Vumerity Added to NHS of Scotland for People With Active RMMS
Note: An earlier version of this story stated the Scottish Medicines Consortium approved Vumerity for RRMS patients in that country. The consortium decides to add a medicine to Scotland’s National Health Service; the MHRA approves treatments for England, Scotland, and Wales.
The Scottish Medicines Consortium has approved adding the oral therapy Vumerity (diroximel fumarate) to its National Health Service (NHS), making it available at lower or no cost for people with active relapsing-remitting multiple sclerosis (RRMS) in Scotland.
The approval “will provide people with relapsing MS with another treatment option to manage their condition and help prevent symptoms,” Simpkins added.
Vumerity, by Biogen, contains an inactive substance that gets converted into its active form, monomethyl fumarate (MMF), once inside the body. MMF is thought to reduce the activity of inflammatory immune cells that drive MS.
Notably, MMF also is the active agent in an older approved MS therapy made by Biogen, Tecfidera (dimethyl fumarate). Vumerity was designed to deliver a similar amount of MMF to the body, but due to differences in formulation, it causes fewer gastrointestinal side effects than Tecfidera.
Direct comparisons in clinical trials have shown that Vumerity causes fewer and less severe gastrointestinal side effects, which is associated with better quality of life for patients. Vumerity also has been shown to lower the risk of relapses and of disability progression, similar to Tecfidera.
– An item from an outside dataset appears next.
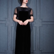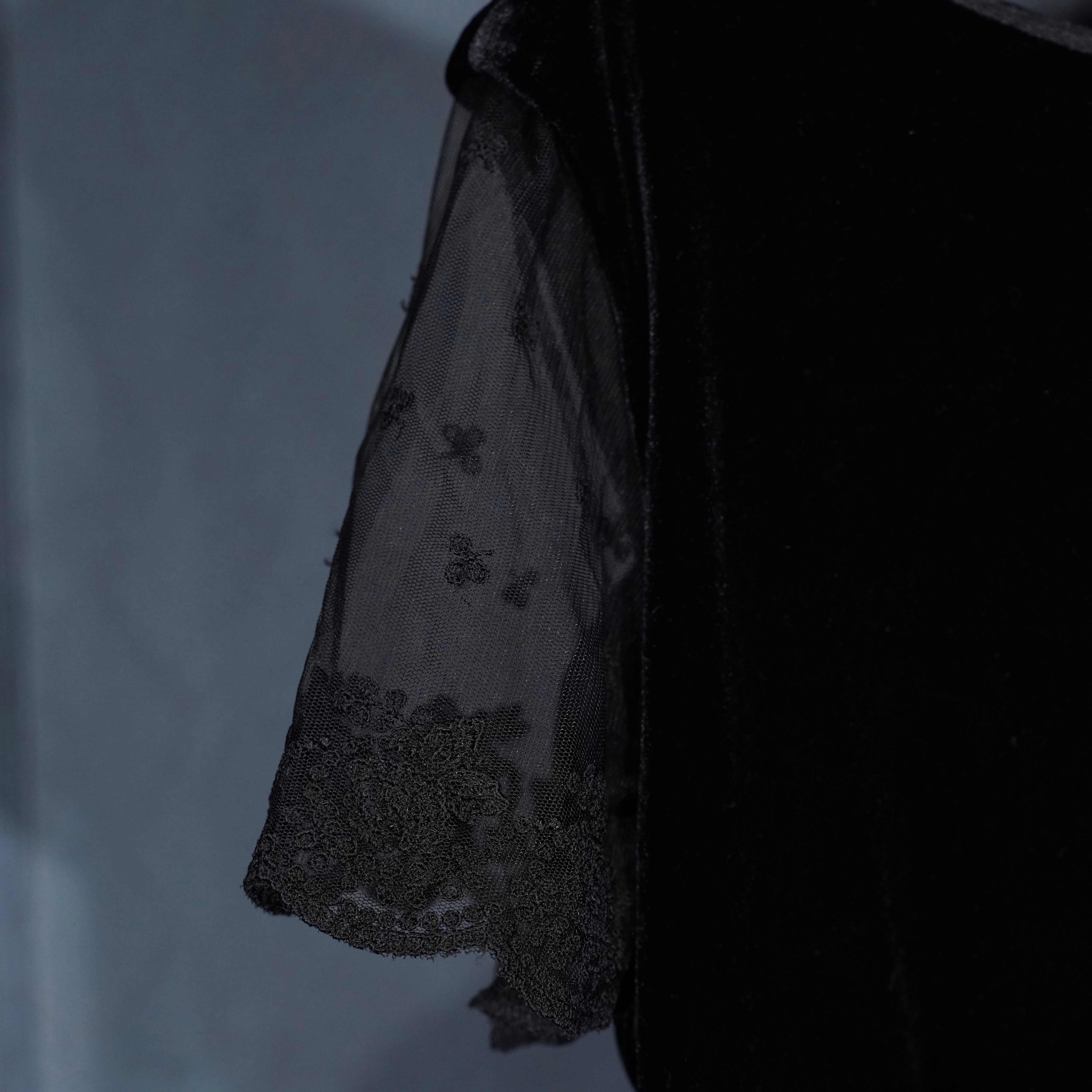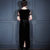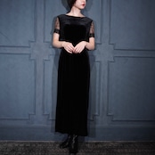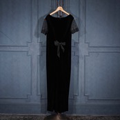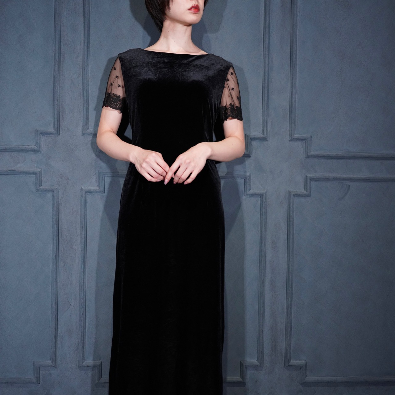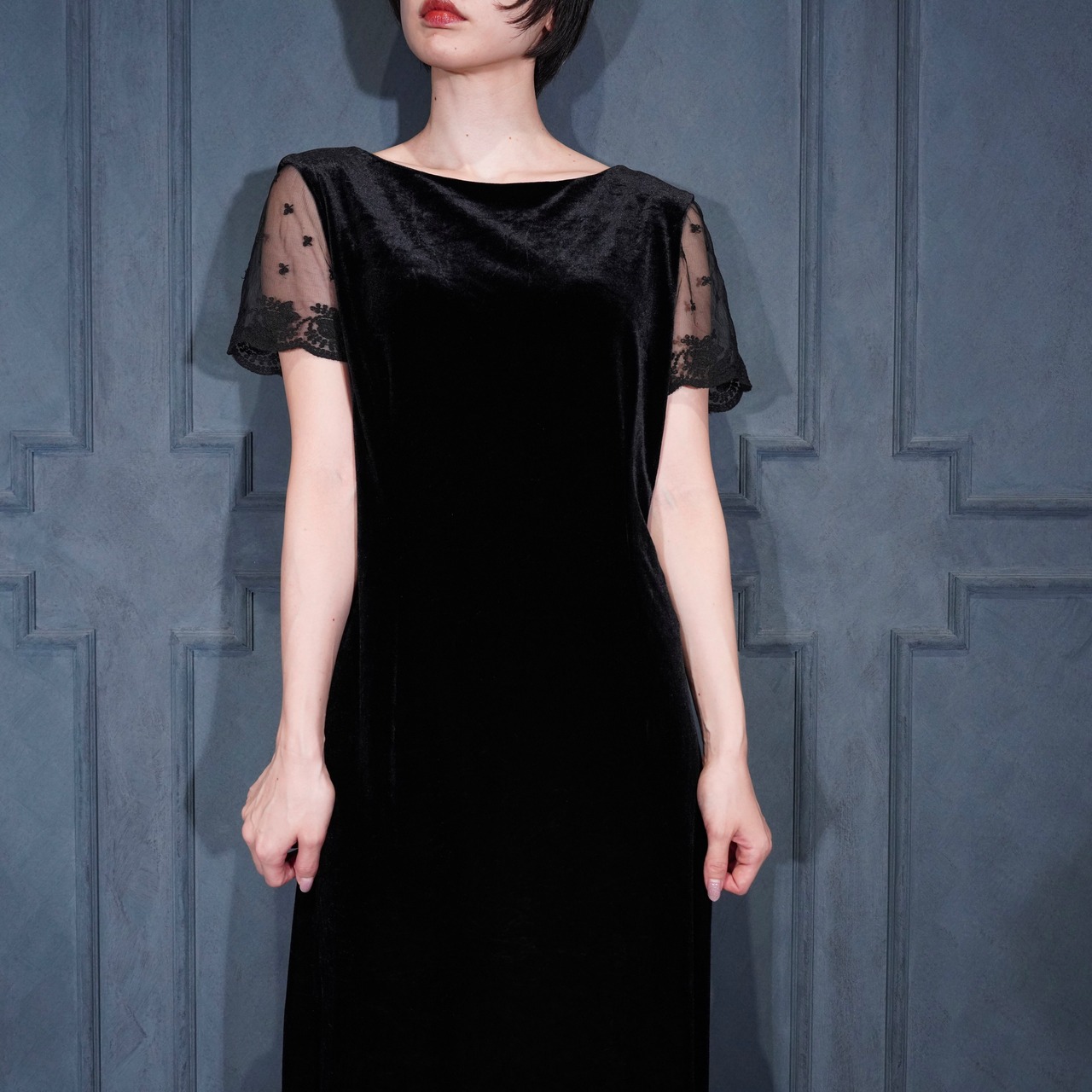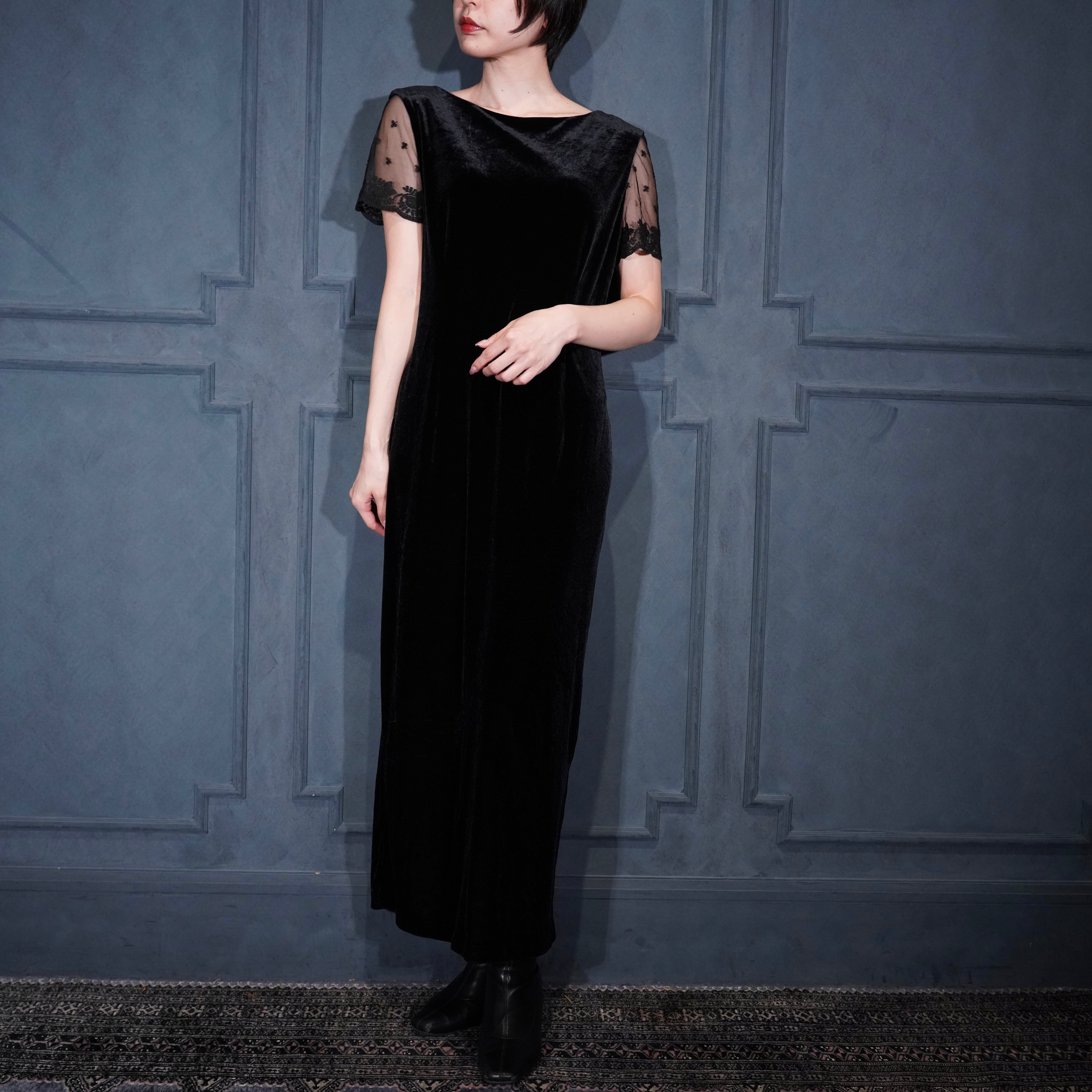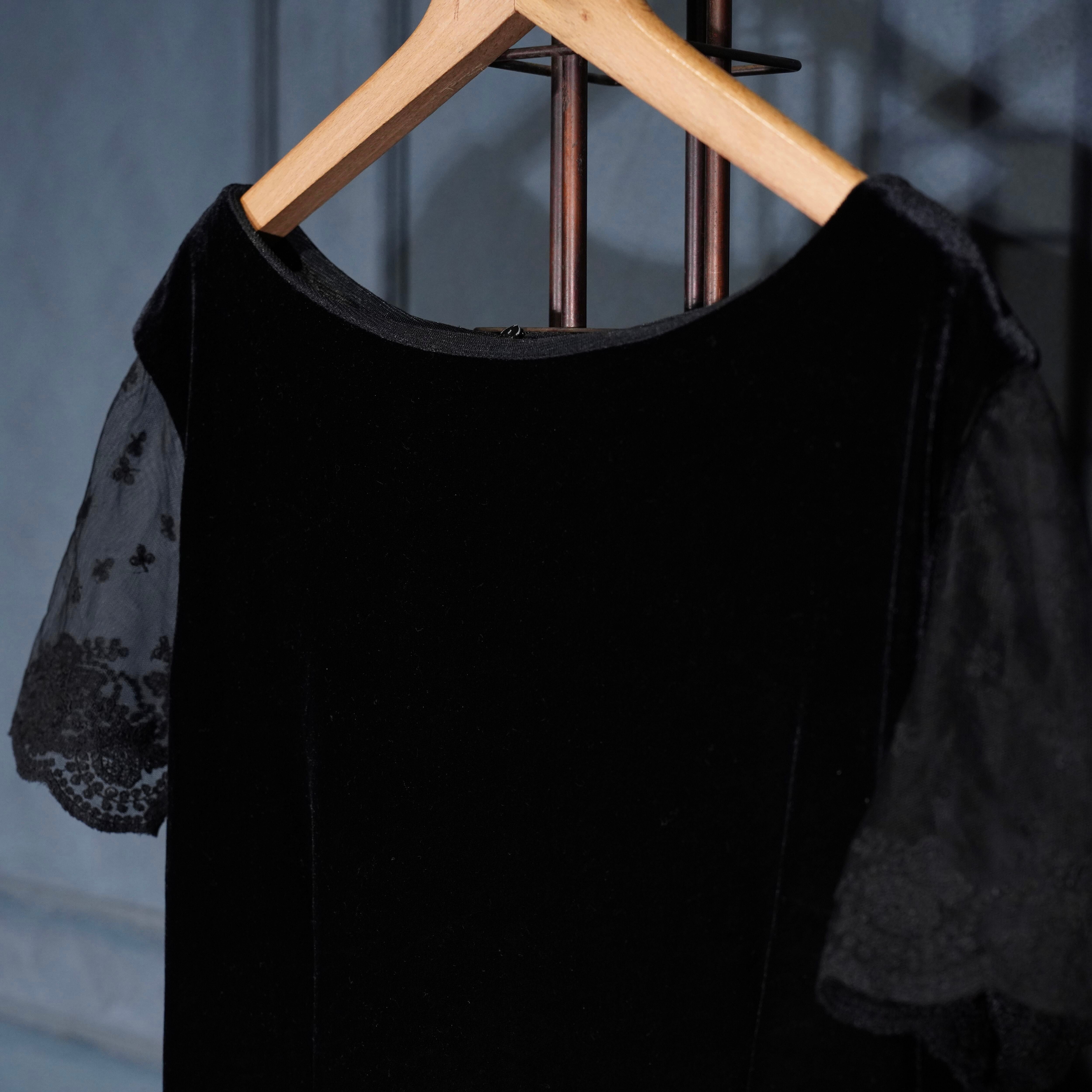 USA VINTAGE ROBBIE BEE BACK RIBBON LACE DESIGN VELOUR ONE PIECE/アメリカ古着バックリボンレースデザインベロアワンピース

“Vumerity is as effective as Tecfidera but has fewer stomach problems, meaning you can take it with a meal or on an empty stomach,” David Martin, CEO of the MS Trust, said in another press release. “An effective treatment that fits into your daily routines means you can live a life with MS that is not defined by MS.”
“For me, taking an oral treatment is so much simpler. Having more MS treatments and being able to have a choice is so important,” said Gillian McGhee, a dental nurse who was diagnosed with MS in 2017.
“People’s lifestyles change and treatments don’t agree with everybody. Some people I know have started treatments and have had to change due to side effects,” McGhee said. “The more treatment options that are available, the more likely it’ll be that people can find a treatment that works for them.”
Vumerity was approved for use in England, Scotland, and Wales by the Medicines and Healthcare Products Regulatory Agency (MHRA) in November 2021.
The National Institute for Health and Care Excellence (NICE) is reviewing an application that would also add Vumerity to the list of medications available through the NHS of England. Health authorities in Wales and Northern Ireland typically endorse NICE’s appraisals.
“We hope that appraisal bodies in other parts of the UK follow suit [in approving Vumerity] as soon as possible, so everyone with MS can access diroximel fumarate if it’s the right option for them,” Simpkins said.